Ever since I was a kid, baseball and writing have been twin passions, obsessions really, which for generations had run parallel to one another. In my mid-fifties, when I started to write about baseball, those twin passions merged. And I have to admit that many of my most vital, compelling writings have incorporated at least some aspect(s) of that game.

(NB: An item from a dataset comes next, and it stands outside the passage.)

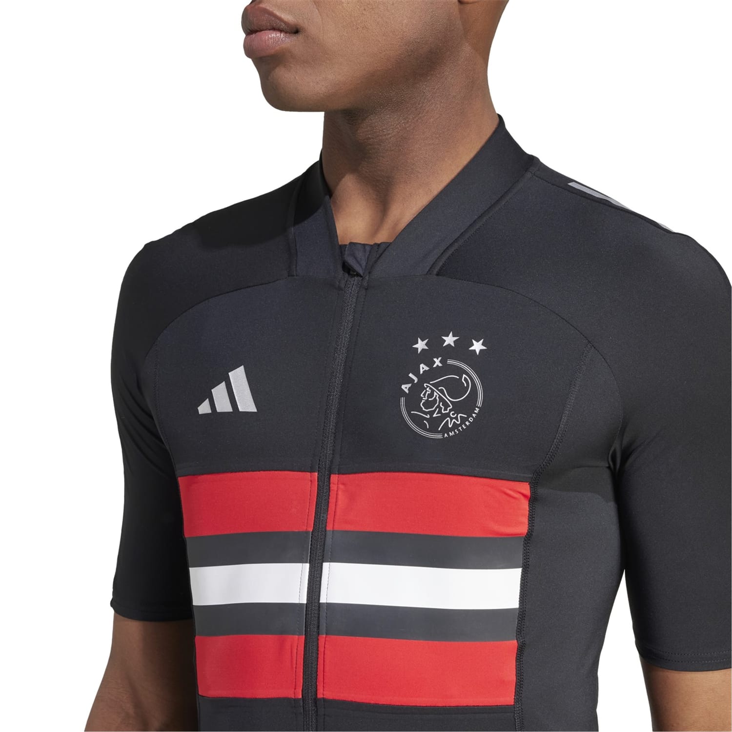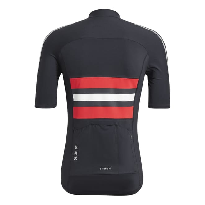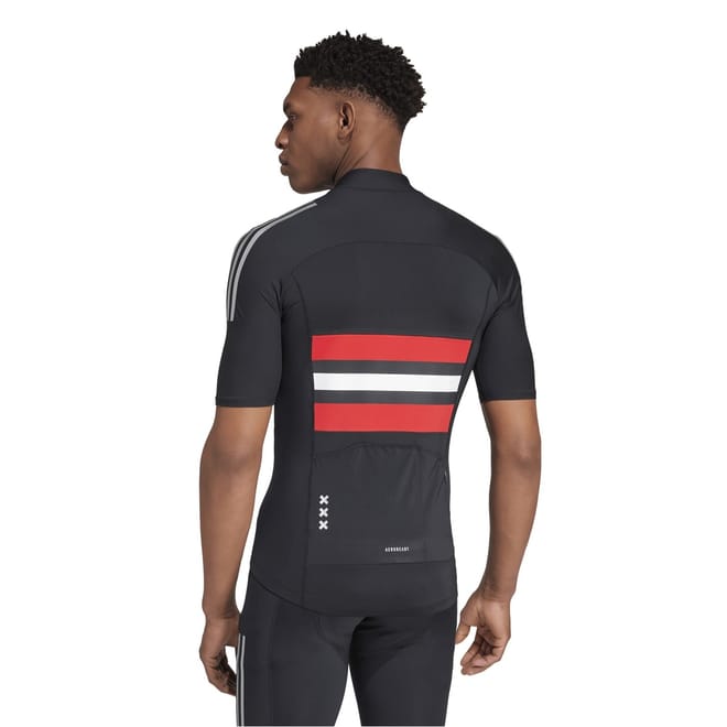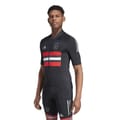This adidas top is designed for summer with a slim fit and short sleeves. It features a band collar and a mock neck, complemented by a full zipper closure. The horizontal stripe pattern adds a stylish touch, while the chest logo and front pocket provide functional embellishments. Fitted cuffs complete the look, making it a versatile addition to your wardrobe. -

In some instances, mostly in works of journalism, I use baseball as a subject or a topic. But in others, personal essays and memoirs, it becomes a lens my narrator(s) look through in order to better articulate and comprehended certain conflicts and confusions they couldn’t have understood by any other means.
And in still other instances, baseball becomes the raw material for shaping a given work, something Annie Dillard describes as “fashioning a text.”
*
So ok, here’s what I think now.

As I’ve said, I’m primarily a personal essayist/memoirist; so naturally I write frequently about matters of identity and self. And the predominant, recurrent, question in my work seems to be this: how did that young kid, that adolescent boy who grew up in New York as an obsessive lover of baseball and books--how did he evolve--for better or worse--into the adult teacher-writer he is today?

We all know, of course, that this is basically an unanswerable question. But the memoirist in me realizes that it’s rich material to work with, an intriguing challenge on which to speculate.

So then, whether it’s about repeating things like dance or baseball; or reusing island-like settings; or revisiting recurrent themes, like dream and disillusion, we writers are, I believe, compelled by our very natures and predispositions to search for ways that permit us to try to make sense, even to make meaning, out of the chaos and confusions that are so much a part of our individual and collective lives.

And isn’t this, after all, what all writers--novelists, poets, essayists, memoirists, journalists, you name it—--is this not what we all aspire to achieve?